Omit any pictures, and restate word for word only the lines from the one with "az oldalára döntik" through the end of the data below.

Recorded data
━━━━━━
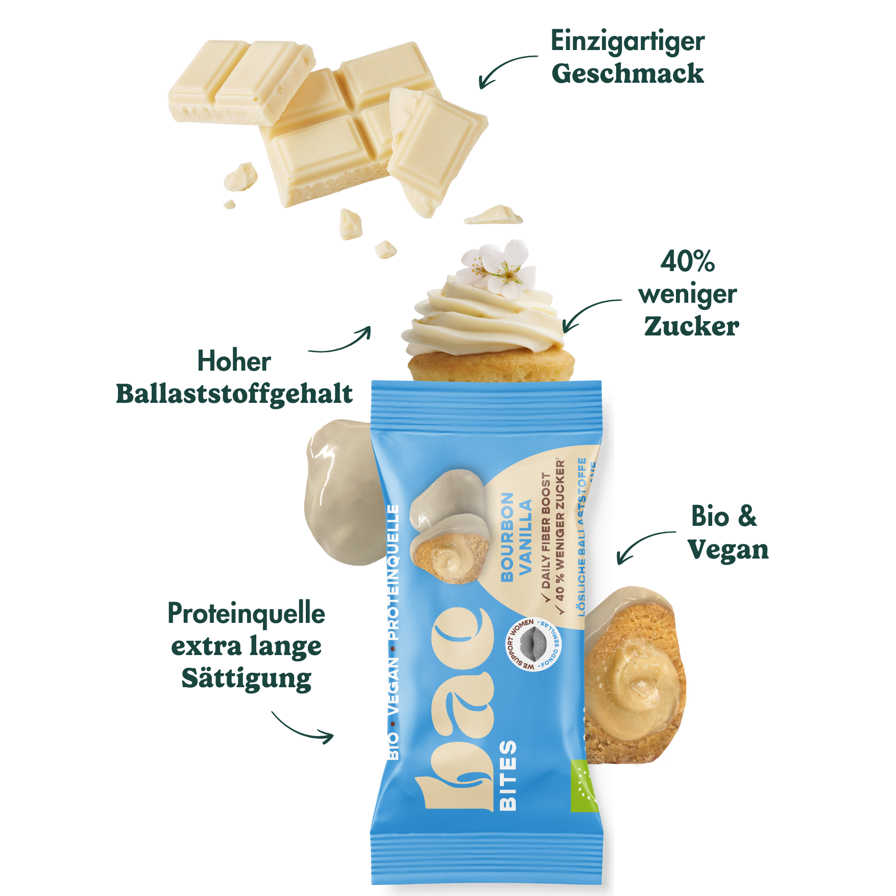 Bio-Bites Bourbon Vanilla: 30%Hafermehl*,Mandelmus*,Mandel-Kakao-Überzug* (Rohrzucker*, Kakaobutter*,Mandeln*, Inulin*, Meersalz, Vanille gemahlen*), Datteln*, Kokosblütensirup*, 4,2% resistentes Tapiokafaserdextrin*, 4,2% Agaven-Inulin*, Feuchthaltemittel: pflanzliches Glycerin aus Leinsamen*, Kakaobutter*, Reissirup*, Traubensaft*, Kokosöl*, 1,0% Vanille gemahlen*, 0,6% Bourbon Vanille*, Himalayasalz, natürliches Aroma. *Aus ökologischer Landwirtschaft.
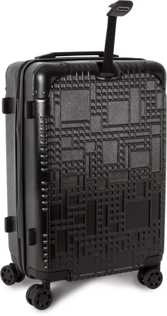• A geometrikus „Geoline” design mellett ez az alumínium gurulós bőrönd 4 bolygósított kerékkel és oldalsó védő lábakkal van ellátva arra az esetre, ha az oldalára döntik
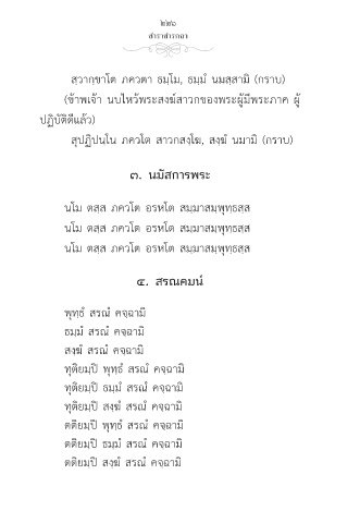 สฺวากฺขาโต ภควตา ธมฺโม, ธมฺม นมสฺสามิ (กราบ)
━━━━━━
Answer to the exercise
• A geometrikus „Geoline” design mellett ez az alumínium gurulós bőrönd 4 bolygósított kerékkel és oldalsó védő lábakkal van ellátva arra az esetre, ha az oldalára döntik
 สฺวากฺขาโต ภควตา ธมฺโม, ธมฺม นมสฺสามิ (กราบ)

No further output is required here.